Oct 5, 2010|
A better way of making money in stocks
If given a choice, what would you rather be? The purchaser of a full business or a part owner of a business. Well, what kind of a question is this you would ask? Almost anyone would want to be a full owner.
Yes, we believe this is indeed the logical answer to an illogical question. If there is enough money and resources at disposal, then one would indeed want to buy a full business rather than have a fractional ownership of it.
However, there is one place where this logic can virtually be turned on its head. And this place answers to the name of stock markets. You see, in stock markets, the person who buys a fractional ownership in a business can get in a much better position than someone who buys the whole firm.

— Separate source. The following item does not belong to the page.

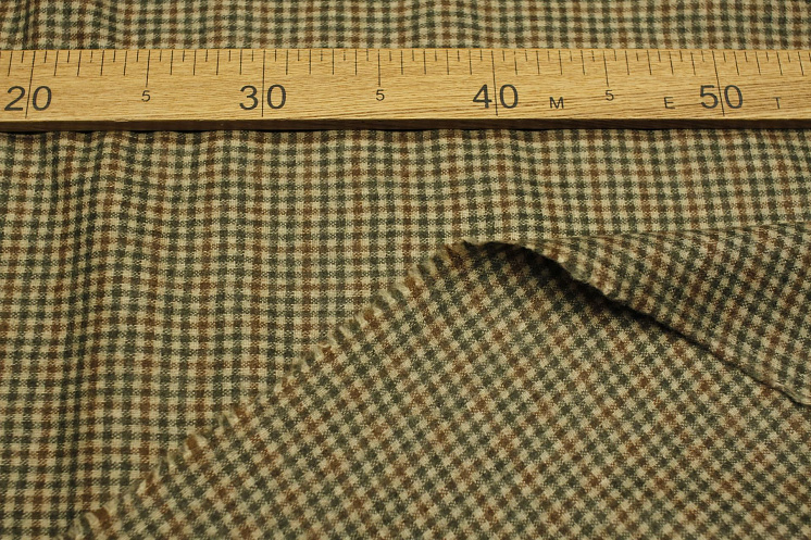 Костюмная кашемир+шерсть (н) бежево-коричнево-зеленая клетка - цена 6 200 ₽ У нас самые доступные цены на в Москве, доставка по всей России - интернет магазин тканей Тессутидея. Артикул товара для заказа - 05-4958. Страна производства ткани – Италия. Ширина этого материала - 150. Состав - Кашемир 40% шерсть 60%. Наличие остатков на складе - 1.9 м

Buying a whole firm is a tricky affair. The transaction usually takes place between a very well informed buyer and an equally well informed seller. Furthermore, acquisition of a full company may not always be a one horse race. There could emerge several other players who would evince interest in the same company.
Common sense tells us that such a scenario is never good from a purchase price point of view. There are some very strong chances that the firm that ends up buying the target company is paying a very steep price for the same. Thus, the possibility of the target company creating good long term value for the buyer gets diluted to that extent.
Now contrast this with buying fractional ownership of a business from the stock markets. Sometimes, the stock markets are priced expensive and sometimes, they are priced very cheap like the environment that prevailed in late 2008 and early to mid 2009.
This environment was a stock picker's dream come true. Even the best businesses were trading at a fraction of the price that they would have been sold at had it been a complete 100% acquisition. Thus, buying a fractional ownership in such an environment would have been indeed more profitable from a long term value creation point of view than buying the whole company.
And this is the beauty of stock markets. A small part of some really fantastic businesses sometimes sell at a fraction of the price that it would command in a deal involving the entire company.
It is this approach that would do an investor a world of good. Most investors view stocks as nothing but pieces of paper that have to be bought low and sold high. Very few people think of them as fractional ownership in businesses, one that has to be persisted with for a very long term.
Firstly, only buy good businesses that are trading at a fraction of the price that they would command in a fully negotiated transaction involving the entire company. And once bought, never try coming out of it unless there is some real deterioration in the long term fundamentals of the company. Trust us, there are very few better ways of getting rich through stocks than the one just mentioned.